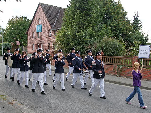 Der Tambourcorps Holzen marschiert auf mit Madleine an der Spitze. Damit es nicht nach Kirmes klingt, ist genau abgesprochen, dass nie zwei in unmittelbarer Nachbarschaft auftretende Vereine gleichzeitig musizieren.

^^^^

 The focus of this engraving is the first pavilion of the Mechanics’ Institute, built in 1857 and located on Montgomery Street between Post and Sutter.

^^^^

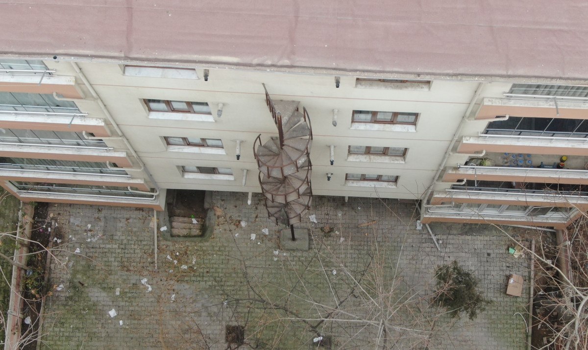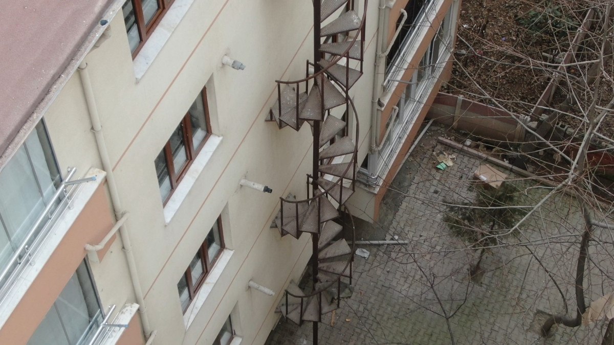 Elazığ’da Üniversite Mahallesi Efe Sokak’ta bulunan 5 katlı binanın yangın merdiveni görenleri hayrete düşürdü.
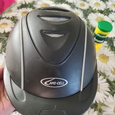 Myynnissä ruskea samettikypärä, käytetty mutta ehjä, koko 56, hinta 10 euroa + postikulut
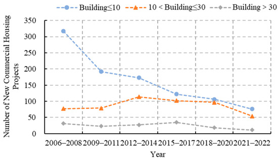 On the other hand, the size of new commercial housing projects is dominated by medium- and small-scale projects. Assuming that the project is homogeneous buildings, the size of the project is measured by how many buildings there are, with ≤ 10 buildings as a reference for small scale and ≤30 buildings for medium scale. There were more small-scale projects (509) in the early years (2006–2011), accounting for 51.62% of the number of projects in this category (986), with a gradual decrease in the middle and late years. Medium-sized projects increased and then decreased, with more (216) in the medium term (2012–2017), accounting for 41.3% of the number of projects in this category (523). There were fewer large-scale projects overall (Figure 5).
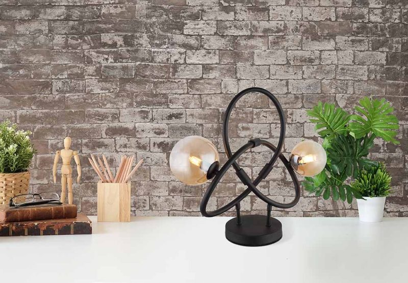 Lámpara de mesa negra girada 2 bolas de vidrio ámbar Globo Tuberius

^^^^

▶ ACTIVITY: In the entries above, which lines run from the one with "Elazığ’da Üniversite Mahallesi" up to and including the one with "Myynnissä ruskea samettikypärä, käytetty"? Write them out exactly, without the pictures.

▶ EXERCISE ANSWER:
 Elazığ’da Üniversite Mahallesi Efe Sokak’ta bulunan 5 katlı binanın yangın merdiveni görenleri hayrete düşürdü.
 Myynnissä ruskea samettikypärä, käytetty mutta ehjä, koko 56, hinta 10 euroa + postikulut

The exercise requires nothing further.